1

I am trying to load data from a csv into a parquet file using pyarrow. I am using the convert options to set the data types to their proper type and then using the timestamp_parsers option to dictate how the timestamp data should be interpreted: please see my "csv" below:

time,data
01-11-19 10:11:56.132,xxx

Please see my code sample below.

import pyarrow as pa
from pyarrow import csv
from pyarrow import parquet


convert_dict = {
    'time': pa.timestamp('us', None),
    'data': pa.string()
}

convert_options = csv.ConvertOptions(
    column_types=convert_dict
    , strings_can_be_null=True
    , quoted_strings_can_be_null=True
    , timestamp_parsers=['%d-%m-%y %H:%M:%S.%f']
)

table = csv.read_csv('test.csv', convert_options=convert_options)
print(table)
parquet.write_table(table, 'test.parquet')

Basically, pyarrow doesn't like some strptime values. Specifically in this case, it does not like "%f" which is for fractional seconds (https://www.geeksforgeeks.org/python-datetime-strptime-function/). Any help to get pyarrow to do what I need would be appreciated.
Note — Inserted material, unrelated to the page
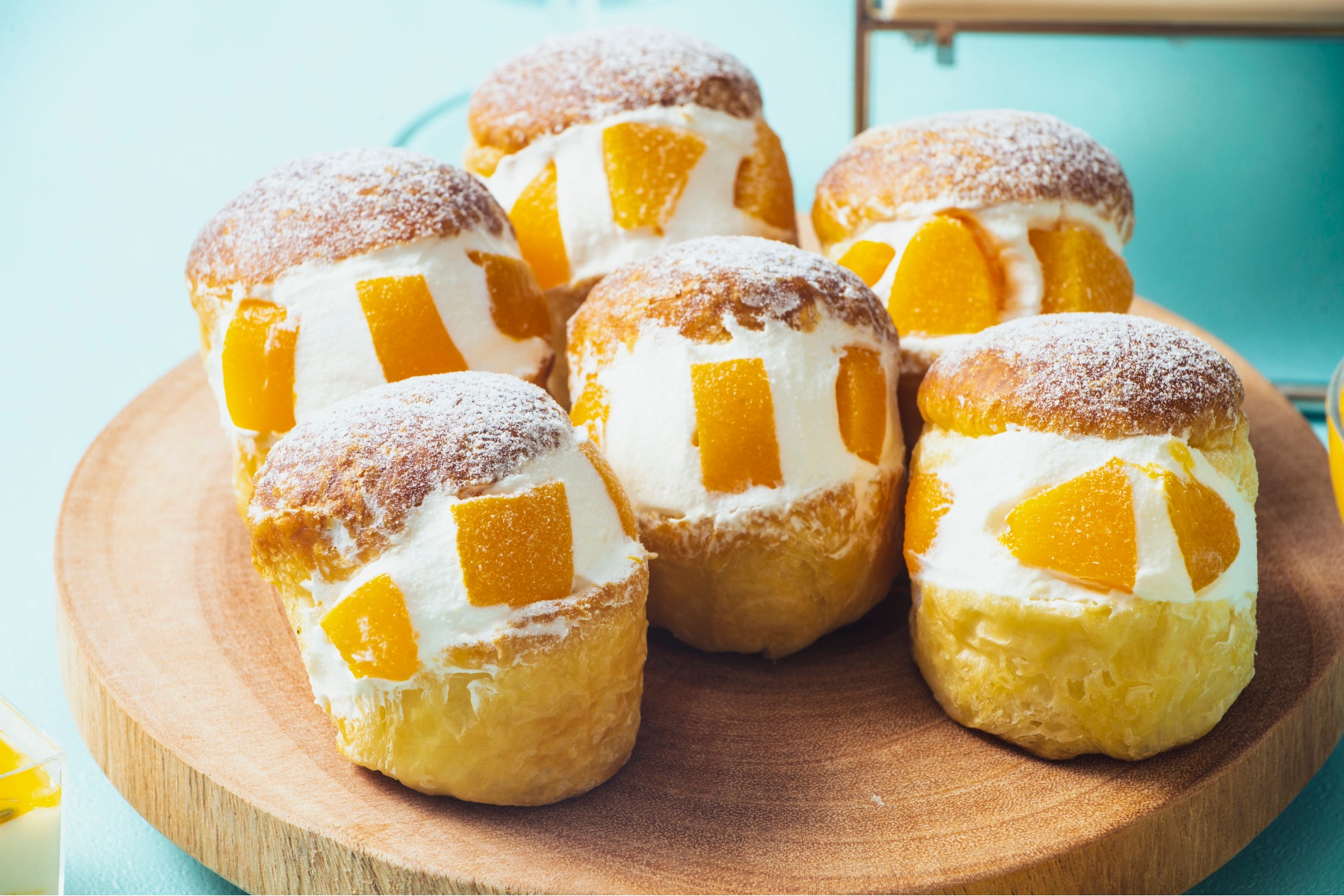 イタリア発祥のマリトッツォで通常使用されるブリオッシュ生地に代わり、自家製のデニッシュを使用したオリジナルマンゴートッツォ。沖縄県産のマンゴー、マンゴー風味のクリームと自家製デニッシュの組み合わせの妙がやみつきになること間違いなしです。

Just to be clear, I can get the code to run if I edit the data to not have fractional seconds and then remove the "%f" from the timestamp_parsers option. However I need to maintain the integrity of the data so this is not an option. To me it seems like a bug in pyarrow or I'm an idiot and missing something obvious. Open to both options just want to know which it is.

2 Answers2

2

%f is not supported in pyarrow and most likely won't be as it's a Python specific flag. See discussion here: https://issues.apache.org/jira/browse/ARROW-15883 . PRs are of course always welcome!

As a workaround you could first read timestamps as strings, then process them by slicing off the fractional part and add that as pa.duration to processed timestamps:

import pyarrow as pa
import pyarrow.compute as pc
ts = pa.array(["1970-01-01T00:00:59.123456789", "2000-02-29T23:23:23.999999999"], pa.string())
ts2 = pc.strptime(pc.utf8_slice_codeunits(ts, 0, 19), format="%Y-%m-%dT%H:%M:%S", unit="ns")
d = pc.utf8_slice_codeunits(ts, 20, 99).cast(pa.int64()).cast(pa.duration("ns"))
pc.add(ts2, d)
Rok
  • 406
  • 3
  • 6
0

So I have found that for timestamp data, you should just try to have the data in the default parser format (ISO8601). For example if you convert csv data into parquet using the pyarrow timestamp data type. Just have the csv data in this format:

No time zone

YYYY-MM-DDTHH:MI:SS.FF6

With time zone

YYYY-MM-DDTHH:MI:SS.FF6TZH:TZM